DATA RECORDS:
----------
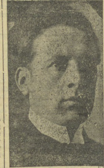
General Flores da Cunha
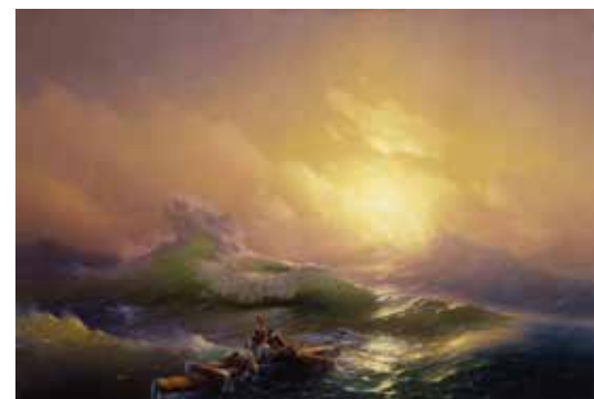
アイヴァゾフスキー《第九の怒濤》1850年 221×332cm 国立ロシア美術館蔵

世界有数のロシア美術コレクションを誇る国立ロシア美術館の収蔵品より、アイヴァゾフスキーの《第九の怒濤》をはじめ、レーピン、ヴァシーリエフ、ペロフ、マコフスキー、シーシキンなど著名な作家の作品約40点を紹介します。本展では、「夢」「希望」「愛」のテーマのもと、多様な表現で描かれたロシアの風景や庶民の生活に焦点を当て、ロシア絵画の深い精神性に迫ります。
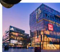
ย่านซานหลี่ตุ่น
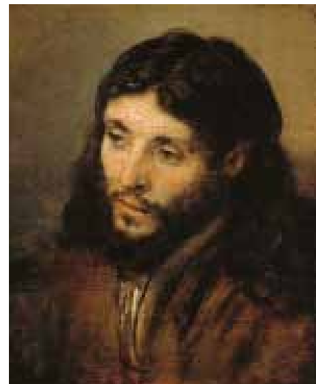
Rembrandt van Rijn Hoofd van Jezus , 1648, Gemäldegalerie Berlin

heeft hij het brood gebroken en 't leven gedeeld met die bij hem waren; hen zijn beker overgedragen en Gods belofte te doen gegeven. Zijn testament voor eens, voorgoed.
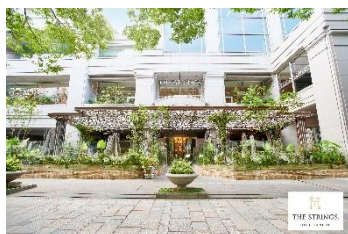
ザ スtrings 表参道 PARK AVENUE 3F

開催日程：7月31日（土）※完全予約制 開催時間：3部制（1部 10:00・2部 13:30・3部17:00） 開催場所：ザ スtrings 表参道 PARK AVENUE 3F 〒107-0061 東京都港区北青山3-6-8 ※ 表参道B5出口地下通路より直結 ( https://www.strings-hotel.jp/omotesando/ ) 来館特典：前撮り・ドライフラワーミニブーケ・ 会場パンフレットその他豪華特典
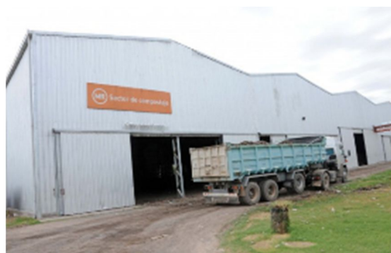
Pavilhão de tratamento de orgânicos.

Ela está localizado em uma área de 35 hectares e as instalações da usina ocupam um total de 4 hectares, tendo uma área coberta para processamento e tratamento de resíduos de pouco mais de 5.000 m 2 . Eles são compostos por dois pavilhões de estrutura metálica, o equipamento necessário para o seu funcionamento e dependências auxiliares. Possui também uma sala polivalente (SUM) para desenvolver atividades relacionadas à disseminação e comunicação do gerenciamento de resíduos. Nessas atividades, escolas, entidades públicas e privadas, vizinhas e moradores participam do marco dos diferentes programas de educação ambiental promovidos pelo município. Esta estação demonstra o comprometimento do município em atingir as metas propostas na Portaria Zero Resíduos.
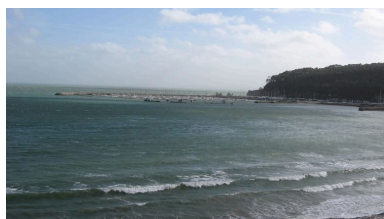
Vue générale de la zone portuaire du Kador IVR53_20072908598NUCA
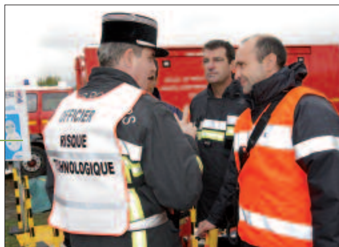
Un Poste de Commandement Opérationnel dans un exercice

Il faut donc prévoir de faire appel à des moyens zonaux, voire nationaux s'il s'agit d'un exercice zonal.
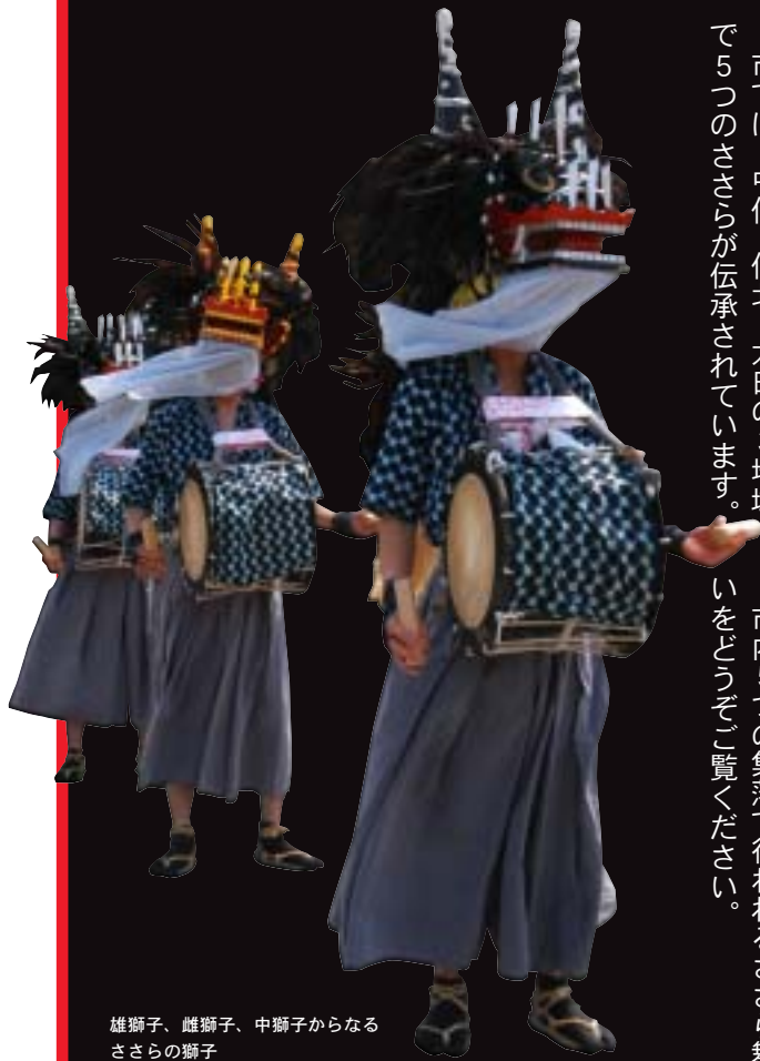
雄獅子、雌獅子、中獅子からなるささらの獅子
----------
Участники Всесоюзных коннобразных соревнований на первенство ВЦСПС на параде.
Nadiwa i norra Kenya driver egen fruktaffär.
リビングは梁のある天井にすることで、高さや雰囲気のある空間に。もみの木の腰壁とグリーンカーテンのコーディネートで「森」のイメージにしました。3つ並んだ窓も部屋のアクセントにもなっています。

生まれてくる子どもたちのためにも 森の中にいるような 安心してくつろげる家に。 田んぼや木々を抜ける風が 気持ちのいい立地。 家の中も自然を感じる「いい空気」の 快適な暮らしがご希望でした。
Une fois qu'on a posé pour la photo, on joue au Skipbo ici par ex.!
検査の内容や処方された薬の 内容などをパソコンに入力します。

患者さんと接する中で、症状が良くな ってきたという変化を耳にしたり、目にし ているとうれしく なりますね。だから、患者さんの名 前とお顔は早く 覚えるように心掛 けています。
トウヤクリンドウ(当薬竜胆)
----------
HOW TO COMPLETE THIS TASK: Read the records above. Show each line that has the string "PARK".

COMPLETED TASK:
ザ スtrings 表参道 PARK AVENUE 3F
開催日程：7月31日（土）※完全予約制 開催時間：3部制（1部 10:00・2部 13:30・3部17:00） 開催場所：ザ スtrings 表参道 PARK AVENUE 3F 〒107-0061 東京都港区北青山3-6-8 ※ 表参道B5出口地下通路より直結 ( https://www.strings-hotel.jp/omotesando/ ) 来館特典：前撮り・ドライフラワーミニブーケ・ 会場パンフレットその他豪華特典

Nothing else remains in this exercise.